The new discovery could be for us the key to the question of whether life could arise elsewhere in the solar system.
Using a new analysis technique, scientists believe they have discovered an extraterrestrial protein hidden inside a meteorite that fell to Earth 30 years ago.
If their results can be reproduced, it will be the first identified protein that did not originate here on Earth.
“This article describes the first protein found in a meteorite,” the researchers wrote in a document uploaded to the arXiv preprint server. Their work has not yet been reviewed, but the implications of this discovery are noteworthy.
Over the past few years, some of the building blocks of life as we know it have been discovered in meteorites. Cyanide, which may play a role in making the molecules needed for life; ribose, a type of sugar found in RNA; and amino acids, organic compounds that combine to form proteins.
Using 'modern' mass spectrometry, they discovered what they believe to be a protein in a meteorite called Acfer 086, found in Algeria in 1990.
While not proof of the existence of extraterrestrial living things, it is the discovery of protein as one of the building blocks of life in the cosmic rock. There are many processes that can produce protein, but as far as we know, life cannot exist without it.

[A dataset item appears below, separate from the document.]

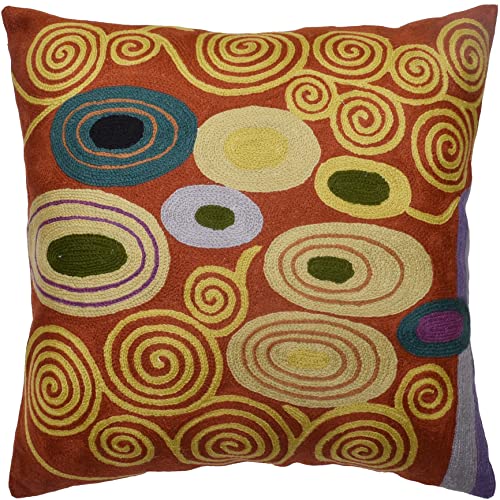 Kashmir Designs Klimt Rust Pillow Cover | Art Nouveau Bronze Pillows | Mid Century Modern Copper Pillowcase | Modern Chair Cushion | Modern Farmhouse Pillows | Hand Embroidered Wool Size 18x18

The team not only found the amino acid glycine with a stronger signaling signal than the previous analysis, but also found that it is bound to other elements such as iron and lithium. When they ran simulations to see what was happening, they found that the glycine was not isolated; he was part of the protein.
Researchers call this newly discovered protein hemolitin. Although hemolithin is structurally similar to Earth's proteins, its deuterium isotopes are not the isotopes that occur naturally here on Earth.
However, isotopes are not uncommon in meteorites. In addition, the ratio of deuterium to hydrogen corresponds to long-period comets.
This suggests that the structure they identified as protein is of extraterrestrial origin and may have formed in the proto-solar disk over 4.6 billion years ago.
Similar methods can now be used on other meteorites in which amino acids have been found to see if similar structures can be found.
The study is currently available on arXiv.